Hutton v. State

Beasley, Judge,

concurring in part and dissenting in part.

I concur in Divisions 1 through 4 and in the judgment affirming the conviction. However, I respectfully dissent with respect to Division 5.

Appellant enumerates that he was denied due process because trial counsel was ineffective. The sole and entire ground for this enumeration is that because counsel “allowed the introduction of the tremendous amounts of inadmissible evidence,” counsel was ineffective under Strickland v. Washington, 466 U. S. 668 (104 SC 2052, 80 LE2d 674) (1984). The argument in the brief is contained in a single sentence to this effect.

“The” evidence referred to is obviously evidence enumerated as inadmissible in the preceding portions of the brief. Appellant does not expand this latter enumeration to identify additional evidence, or to cover other evidence by omitting the word “the.” It is clear that what he quantifies as “tremendous amounts” refers to the instances complained of in earlier enumeration. If this were not so, counsel on appeal would automatically be remiss in failing to enumerate these instances as error. The only reasonable reading of the basis upon which the claim of ineffective assistance of trial counsel is made is the failure to object to the evidence now challenged.

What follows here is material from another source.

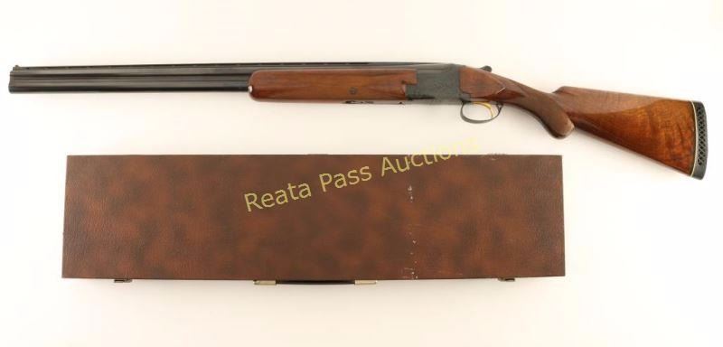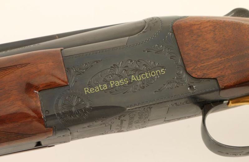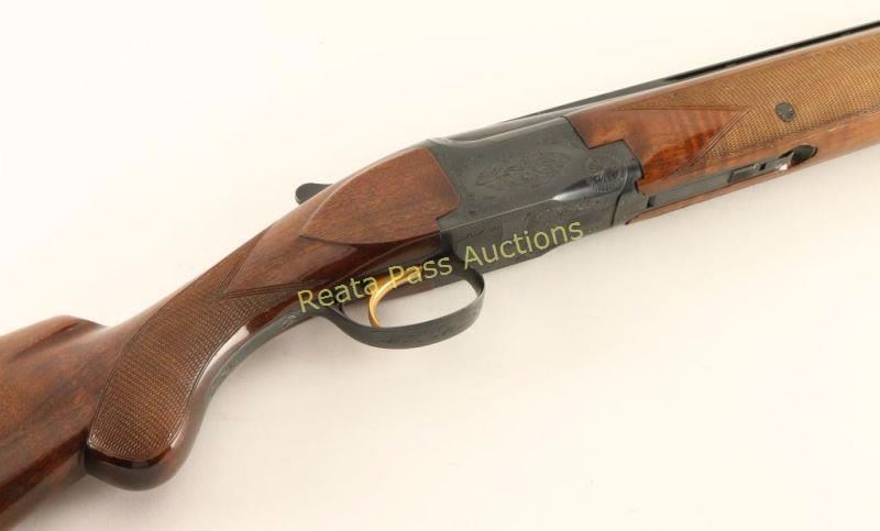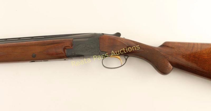 SN: 17192S3 'Grade 1' Engraved Belgium made under/over double barrel shotgun chambered for 2 3/4" 12 gauge shells, circa 1963. Features a blued finish, 28" barrels with a ventilation rib & skeet/skeet chokes, automatic ejectors, white bead sights, floral scroll engraved receiver, smooth single gold trigger, sliding tang safety/barrel selector and finely checkered walnut forend and pistol grip shoulder stock with round knob and Pachmayr recoil pad. Includes a set of .410 gauge tubes made by Claude Purbaugh - master gunsmith, champion shooter and the man responsible for the shotgun tube concept. Along with the tubes are a case, small parts, mallet, some articles about the man and installation instruction from Purbaugh. Shotgun exhibits approximately 96% of it's original finish showing light scattered edge wear, some slide marks on the barrel from take-down and slide wear underneath the safety/barrel selector. Action is smooth, bores are pristine and wood stocks are very good with some light scratches on the right side of the shoulder stock. Condition is excellent. ***C&R Firearm*** ***Modern Firearm***
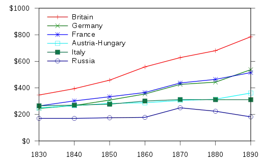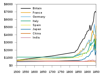 За словами Поля Байроша, в середині XVIII століття «середній рівень життя в Європі був трохи нижчим, ніж у решті країн світу».[19] За його оцінками, в 1750 році, середній ВНП на душу населення в східному світі (зокрема в Китаї, Індії і на Близькому Сході) був $188 в еквіваленті 1960 року ($830 в еквіваленті 1990 року), тобто вище, ніж $182 ($804 в еквіваленті 1990 року) на Заході. [94] Він стверджує, що саме після 1800 року західноєвропейський дохід на душу населення пішов вперед.[95] Однак середні доходи Китаю[89] та Єгипту [92] все ще були вищими за загальний середній дохід Європи. [92]

Since those evidentiary issues have been decided adversely to defendant in the opinion, see Division 2, there is no further consideration which must be undertaken by the trial judge related to the assistance of counsel. The failure to raise objections as noted in Division 2 would not be of such magnitude in this case to elevate counsel’s representation to constitutional infirmity. Therefore, the claim of ineffective counsel fails and, even though this is originally raised here by counsel who first appeared after the filing of the notice of appeal, no useful purpose would be served by remand for hearing on the issue by the trial court. Compare Green v. State, 187 Ga. App. 373, 375 (5) (370 SE2d 348) (1988).

It does not appear that the Supreme Court was faced with a claim in this posture in Smith v. State, 255 Ga. 654 (341 SE2d 5) (1986), Lloyd v. State, 257 Ga. 108 (355 SE2d 423) (1987), or Bell v. State, 259 Ga. 272 (381 SE2d 514) (1989). When Lloyd was appealed after remand, the Court noted that remand was a “practice,” instituted to avoid later habeas corpus on the same issue. Thus it is not a rule of law and, under the facts in this case, remand is counter to the objective of the practice, which is to resolve the issue “promptly” and *243thus reach finality at the earliest practicable moment. Considering the ground of ineffective assistance raised here, a habeas corpus petition asserting it would be frivolous.

Decided July 11, 1989. Larry L. Duttweiler, for appellant. Thomas C. Lawler III, District Attorney, Debra K. Turner, Assistant District Attorney, for appellee.

Remand should be principled and necessary, not automatic, delaying, and wasteful of judicial and legal resources.

I am authorized to state that Presiding Judge Deen joins in this opinion.